If instead, though, my resolution is to feel more fit, then every time I complete an exercise session or choose the better food option, I’ve succeeded. It’s not a big success, but successes don’t have to be big to feel good, and anything that makes us feel good is much more motivating than something that makes us feel like a disappointment, or at best a potential someday-success.

Not affirming affirmations
As much as I like Shen’s post, I had some comments to add for my readers here on a couple of thing he mentions. One is his recommendation of affirmations, which from what I’ve seen of the research are often counter-productive. One problem is that they risk creating broken ideas, and even though an affirmation may create an upbeat falsehood (“I look great and am easy to get along with!”) it’s still a falsehood and has all of the drawbacks a falsehood usually has when we treat it in our own minds as truth.

What’s a “goal,” exactly?
I also find Shen’s distinction between “goals” and “resolutions” potentially confusing, depending on how you think about the words. He defines goals as “external targets that rely substantially on things outside of your immediate control” and talks about “resolutions” as being largely within your control. For what he calls “goals” I tend to use words like “aspirations,” and what he calls “resolutions” I and many other people interested in motivation often refer to as “goals,” for instance in the posts “One Good Way to Judge Goals: S.M.A.R.T.” and “What Kinds of Goals Really Work?” With that said, a lot of people use the word “goals” to mean exactly what he describes, too, and I think the way he talks about using the words makes plenty of sense; it’s different from how the word is used in here and some other places.
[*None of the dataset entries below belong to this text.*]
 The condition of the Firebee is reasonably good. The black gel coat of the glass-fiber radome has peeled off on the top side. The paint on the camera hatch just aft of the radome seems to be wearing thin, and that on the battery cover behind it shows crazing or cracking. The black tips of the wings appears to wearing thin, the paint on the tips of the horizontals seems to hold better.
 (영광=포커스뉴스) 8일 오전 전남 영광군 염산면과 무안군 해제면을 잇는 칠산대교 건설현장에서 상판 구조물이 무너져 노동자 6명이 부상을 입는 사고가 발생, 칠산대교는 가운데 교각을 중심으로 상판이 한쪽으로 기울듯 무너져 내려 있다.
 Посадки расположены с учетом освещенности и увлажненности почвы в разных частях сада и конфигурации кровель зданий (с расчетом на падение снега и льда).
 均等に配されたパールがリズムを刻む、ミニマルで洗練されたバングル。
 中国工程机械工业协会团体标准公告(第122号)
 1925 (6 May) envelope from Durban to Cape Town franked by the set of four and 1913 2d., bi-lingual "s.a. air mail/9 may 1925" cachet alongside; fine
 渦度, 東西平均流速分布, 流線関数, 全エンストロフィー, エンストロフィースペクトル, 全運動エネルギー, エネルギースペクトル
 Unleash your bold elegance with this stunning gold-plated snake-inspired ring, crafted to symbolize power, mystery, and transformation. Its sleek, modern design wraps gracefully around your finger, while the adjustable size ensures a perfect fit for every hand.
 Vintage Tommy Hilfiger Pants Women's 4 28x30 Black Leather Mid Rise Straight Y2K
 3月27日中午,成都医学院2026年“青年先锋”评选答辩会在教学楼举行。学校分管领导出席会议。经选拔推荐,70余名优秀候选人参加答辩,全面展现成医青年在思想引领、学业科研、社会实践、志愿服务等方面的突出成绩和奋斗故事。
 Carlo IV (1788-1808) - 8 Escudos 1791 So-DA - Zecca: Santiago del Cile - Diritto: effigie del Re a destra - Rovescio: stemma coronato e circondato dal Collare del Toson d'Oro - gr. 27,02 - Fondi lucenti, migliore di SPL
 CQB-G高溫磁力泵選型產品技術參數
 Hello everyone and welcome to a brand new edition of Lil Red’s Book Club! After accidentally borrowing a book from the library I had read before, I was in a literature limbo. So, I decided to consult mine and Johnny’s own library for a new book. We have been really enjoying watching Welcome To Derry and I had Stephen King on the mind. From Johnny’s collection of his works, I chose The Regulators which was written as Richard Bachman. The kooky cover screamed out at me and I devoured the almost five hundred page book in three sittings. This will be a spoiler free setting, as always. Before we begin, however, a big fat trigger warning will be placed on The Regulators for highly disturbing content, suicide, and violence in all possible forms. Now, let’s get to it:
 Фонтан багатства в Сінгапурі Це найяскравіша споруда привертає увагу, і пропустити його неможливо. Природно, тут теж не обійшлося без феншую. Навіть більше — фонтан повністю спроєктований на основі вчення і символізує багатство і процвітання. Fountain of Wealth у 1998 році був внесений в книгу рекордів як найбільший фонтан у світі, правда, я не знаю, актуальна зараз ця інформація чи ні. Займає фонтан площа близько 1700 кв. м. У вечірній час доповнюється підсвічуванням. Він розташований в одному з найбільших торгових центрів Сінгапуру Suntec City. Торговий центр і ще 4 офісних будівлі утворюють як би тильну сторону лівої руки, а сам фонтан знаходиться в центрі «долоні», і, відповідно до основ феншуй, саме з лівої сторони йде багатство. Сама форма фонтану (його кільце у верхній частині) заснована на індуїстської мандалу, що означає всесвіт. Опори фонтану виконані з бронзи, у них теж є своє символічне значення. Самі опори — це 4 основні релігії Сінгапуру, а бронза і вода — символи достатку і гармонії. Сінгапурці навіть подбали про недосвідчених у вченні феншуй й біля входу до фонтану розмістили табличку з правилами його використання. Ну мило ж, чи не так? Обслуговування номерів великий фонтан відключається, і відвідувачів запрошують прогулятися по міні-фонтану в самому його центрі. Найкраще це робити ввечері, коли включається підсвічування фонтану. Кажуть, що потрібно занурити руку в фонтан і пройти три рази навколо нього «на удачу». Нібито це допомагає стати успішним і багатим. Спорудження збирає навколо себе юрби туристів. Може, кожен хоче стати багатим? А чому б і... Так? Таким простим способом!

Both of us, however, are trying to point out an important distinction that the English-speaking world doesn’t usually make, that of  whether we’re talking about something that we can affect ourselves (like finishing a project) instead of something that to a large extent is outside of our control (like getting a promotion).

One thing at a time
Finally, Shen recommends keeping your goals to no more than 2 or 3 at a time. I haven’t yet come across research to shed more light on the question, but my experience and my inference from some of the literature is that adding only one new goal at a time is generally the way to go. Once you’re well on your way with that one, adding another works much more comfortably. The danger of adding too many at once is that of not having enough attention to spare to focus regularly on any of the goals, so they all fail.

The exception to this would be very simple goals, like drinking more water or making the bed in the morning. It appears that we can tackle several small changes more or less at the same time and still see success.